İki, üç saniye sonra da kafatasında patlayan keserin çıkardığı sesle titredim.
Dün sabaha karşı gördüğüm bu rüyadan sonra uyku tutmamıştı beni. Gerçekte de böyle mi davranırım diye endişeye kapılmıştım. Bu rüyayı yorumlayamıyordum. Ben bu kadar vicdansız olabilir miydim? Korkaklığımdan tiksiniyordum.
Yazdım bitti ama halen vicdanım rahatlamadı. Artık hiçbir şey için kendime eskisi gibi güvenmeyeceğim. Ben eğer zalime dur diyemiyorsam, dünya kaynaklarını tüketmekten başka ne işe yarardım? Korkak, yalancı ve zalimmişim. Yazıklar olsun bana. Rüyamda bile:
Aldırma, dedim ve aldırmadım,
Hakk’ı tutup, kaldırmadım.
Engin TATLITÜRK
NOT:
Soykırım mağdurunu oynayan baş katliamcı İsrail ve onun Kuazimodo’su
( Noturdam’ın kamburu) ucube Amerika devleti dünya barışının en büyük düşmanıdır bu gün için. Yarınlarda bu tehlikeye Çin de ortak olabilir. Barış düşmanlarının sebepleri çoktur ama silah ticareti, enerji kaynaklarının kontrolü ile su ve suyollarının hâkimiyeti en mühimleridir.
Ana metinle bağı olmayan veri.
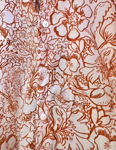 Chemise à motif floral orange sur fond écru – coton doux, broderie marine « Bois du vin, t’auras des copains », coupe ajustée. Numérotation unique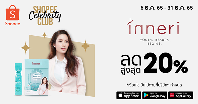 ให้นักช้อปคนไทยได้สัมผัสกับ อินเนอริ เมต้า โพรไบโอติก ก่อนใครกันได้แล้วที่ร้านค้าออฟฟิเชียลสโตร์ inneri_official บน Shopee ที่มาพร้อมกับแคมเปญและข้อเสนอสุดเอ็กซ์คลูซีฟส่งท้ายปี ตั้งแต่วันที่ 7 ธันวาคม 2565 เป็นต้นไป เฉลิมฉลองมหกรรมช้อปปิ้งออนไลน์ Shopee 12.12 ลดใหญ่วันเกิด ไม่ว่าจะเป็น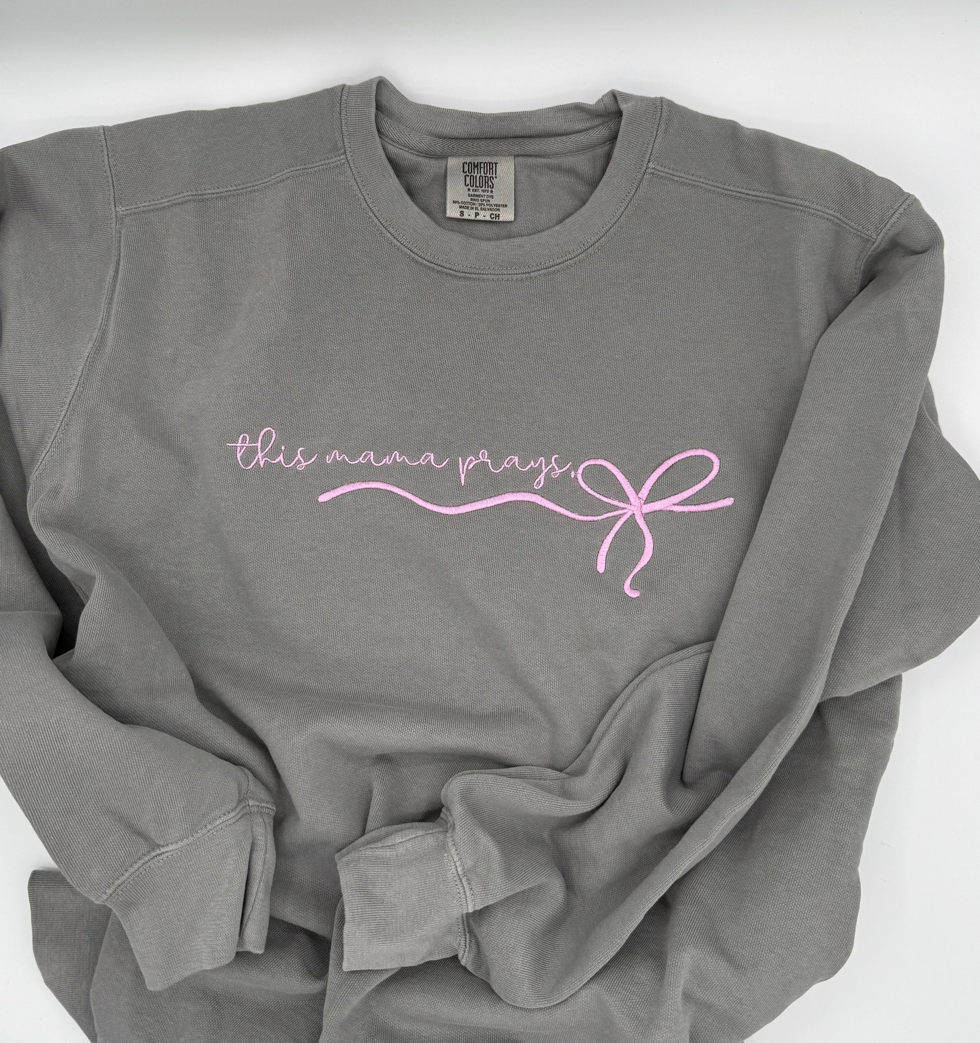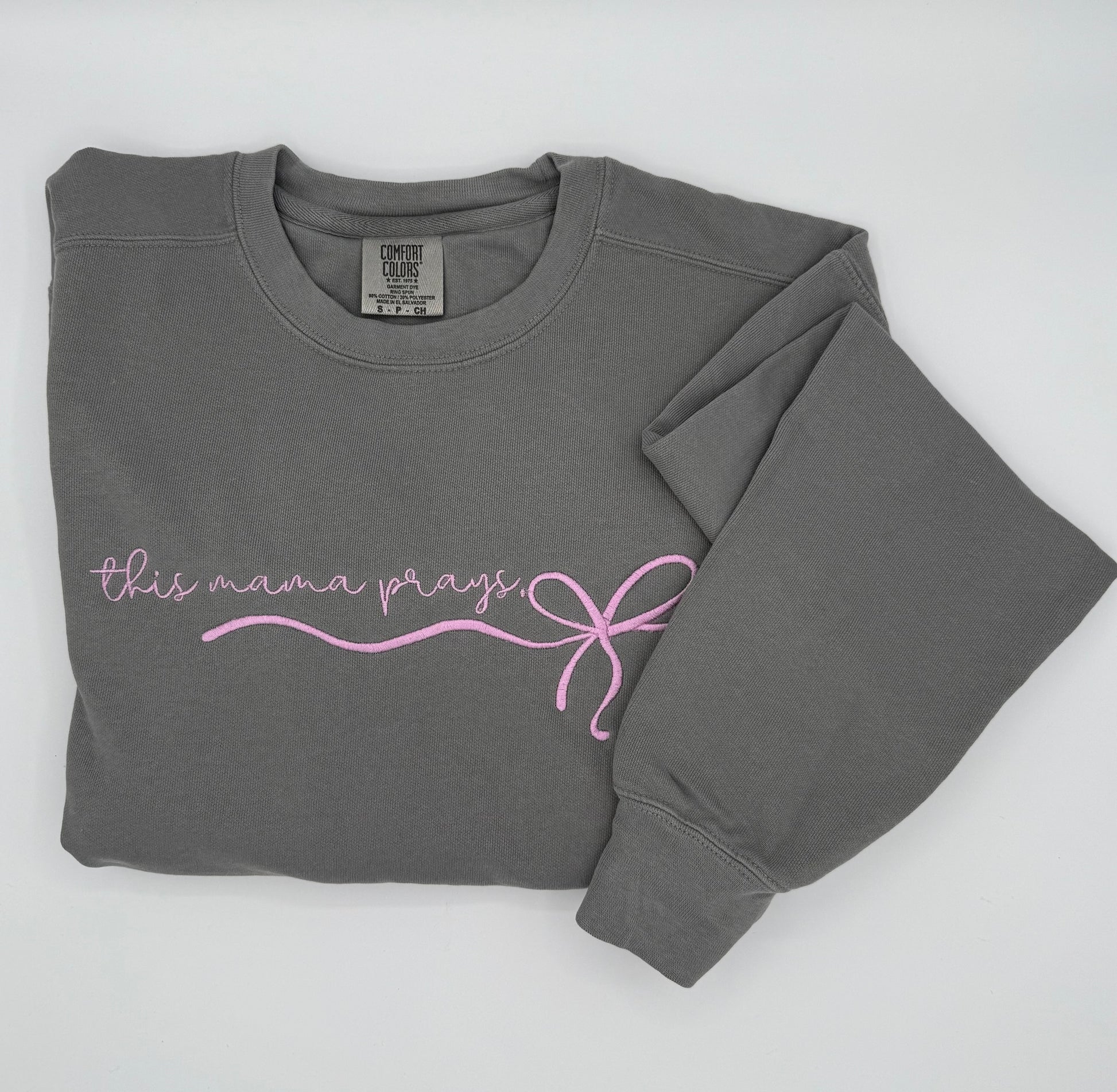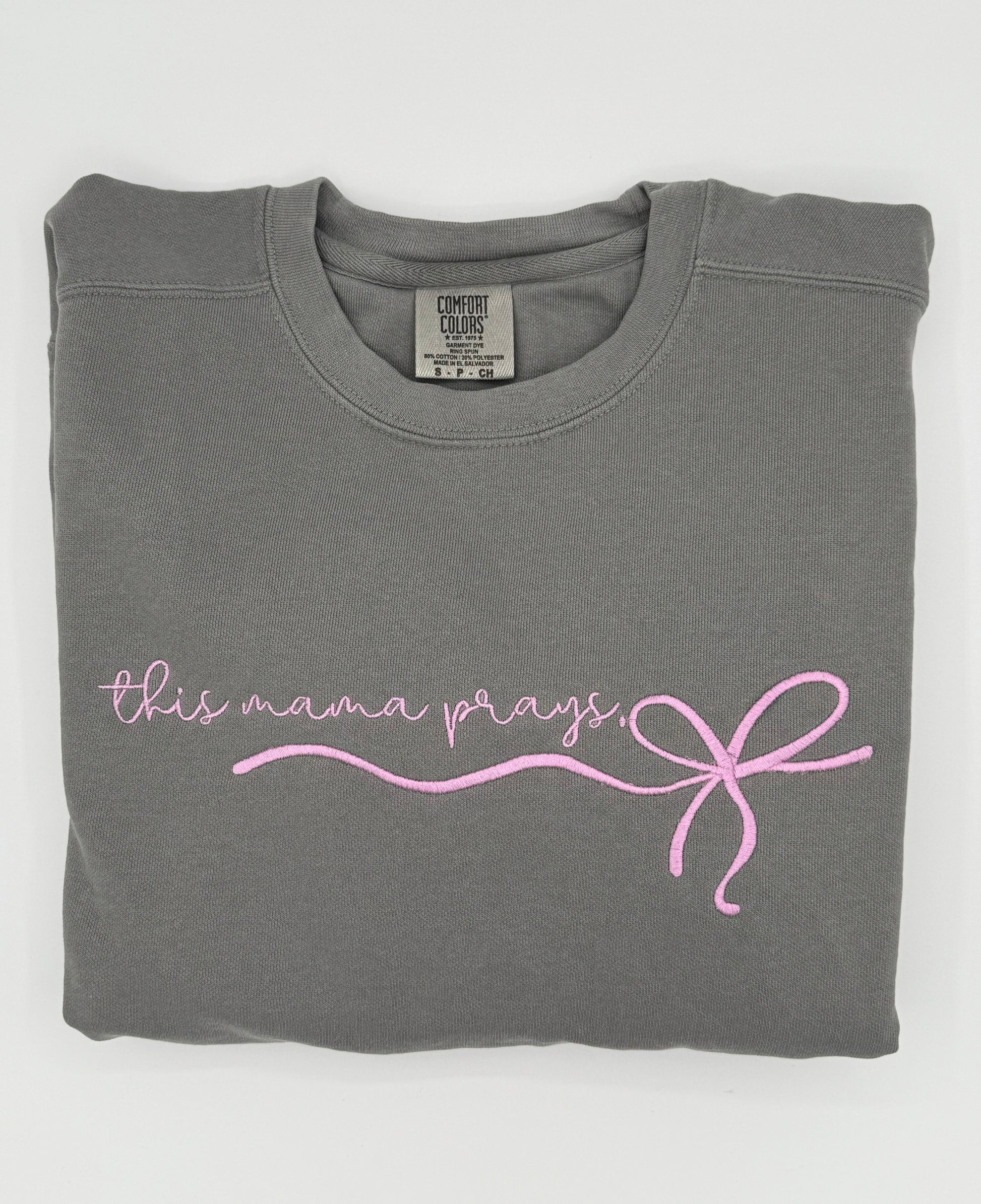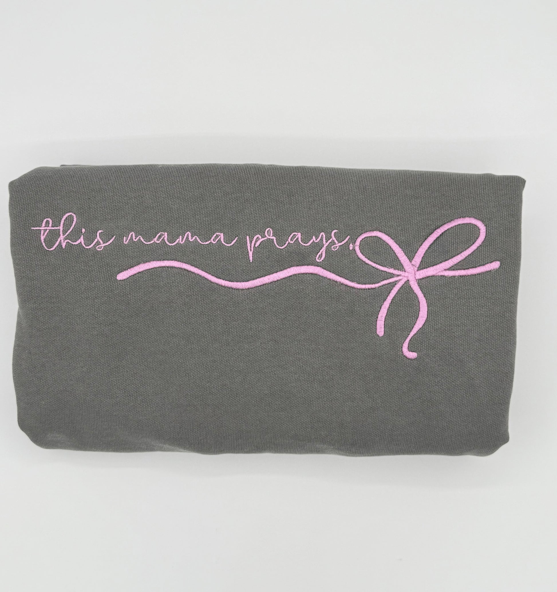 A cozy, lived-in feel from the very first wear — this soft gray sweatshirt features “this mama prays” embroidered in calming lavender, topped with a delicate bow for that gentle touch of grace.

İslam dünyasının silkinip, uğradığı acılara, zulümlere “ dur” diyecek kabiliyete ulaşması için belki de bir vesiledir bunca acı. Herkes iyice anlamalıdır ki: Birleşmiş Milletler Topluluğu, İslam ülkelerine karşı kurulmuş bir birliktir. Hıristiyan birliğidir. İslam Birleşmiş Milletlerini acilen kurmalıyız. Mevcut BM hangi Müslüman ülkenin ne gibi bir hakkını adilane korumuştur? Vetocu daimi üyelerin tümü gayri Müslim’dir. Daha başında, temel zalimlere ayrıcalık tanınmışken adil karar çıkar mı bu kurumdan? BN kararlarını ihlal eden, Katliamlar yapan İsrail’e hangi, bir tek yaptırım uygulanabildi. Ya Çin’e, ya Rusya’ya ne yapabildiler?
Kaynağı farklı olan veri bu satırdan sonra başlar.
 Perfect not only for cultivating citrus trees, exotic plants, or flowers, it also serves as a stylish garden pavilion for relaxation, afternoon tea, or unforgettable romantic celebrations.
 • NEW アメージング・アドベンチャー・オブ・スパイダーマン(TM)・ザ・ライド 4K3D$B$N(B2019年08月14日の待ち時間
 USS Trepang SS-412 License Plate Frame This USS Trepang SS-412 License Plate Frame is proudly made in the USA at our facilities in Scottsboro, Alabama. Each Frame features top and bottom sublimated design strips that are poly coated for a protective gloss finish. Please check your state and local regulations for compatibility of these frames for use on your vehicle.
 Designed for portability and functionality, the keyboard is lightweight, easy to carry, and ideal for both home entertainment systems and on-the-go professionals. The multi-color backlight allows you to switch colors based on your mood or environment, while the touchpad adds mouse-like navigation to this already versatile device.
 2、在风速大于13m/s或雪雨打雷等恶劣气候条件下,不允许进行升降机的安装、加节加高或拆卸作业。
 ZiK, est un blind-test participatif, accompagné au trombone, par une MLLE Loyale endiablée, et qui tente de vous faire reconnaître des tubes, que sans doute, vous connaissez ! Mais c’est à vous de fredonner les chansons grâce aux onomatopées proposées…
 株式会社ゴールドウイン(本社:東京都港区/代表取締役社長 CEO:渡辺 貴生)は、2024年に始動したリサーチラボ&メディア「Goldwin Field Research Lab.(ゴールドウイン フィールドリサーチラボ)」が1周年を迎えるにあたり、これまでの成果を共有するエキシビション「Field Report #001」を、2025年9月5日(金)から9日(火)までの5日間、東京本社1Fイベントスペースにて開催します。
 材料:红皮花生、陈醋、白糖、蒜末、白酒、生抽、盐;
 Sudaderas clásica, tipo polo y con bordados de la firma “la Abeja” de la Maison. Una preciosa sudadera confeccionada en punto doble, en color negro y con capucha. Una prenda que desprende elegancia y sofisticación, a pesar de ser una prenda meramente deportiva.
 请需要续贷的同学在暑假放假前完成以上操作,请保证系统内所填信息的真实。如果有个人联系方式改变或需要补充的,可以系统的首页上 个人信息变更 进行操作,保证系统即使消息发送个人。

Amerika’ya Hıristiyan, İsrail’e Yahudi diye kızmıyorum. İşbirliği ile Müslümanlara savaş açtıkları için kızıyorum. Katliamların nedeni, faili ve koruyucusu oldukları için kızıyorum. Size benzemeyen kardeşinizi kuyuya atıp öldürmek ve ondan kurtulmak fikrinden hiç mi vazgeçmeyeceksiniz.?
Hepimizin yaratıcısı Allah’ın huzurunda size; “Niye son dinle şereflenmediniz de Müslüman kardeşlerinize zülüm yaptınız” diye soru gelirse ki gelecek; ne diyeceksiniz?
Zerre kadar insan iseniz eğer; adaleti tutup kaldıralım. Barış kendiliğinden gelir.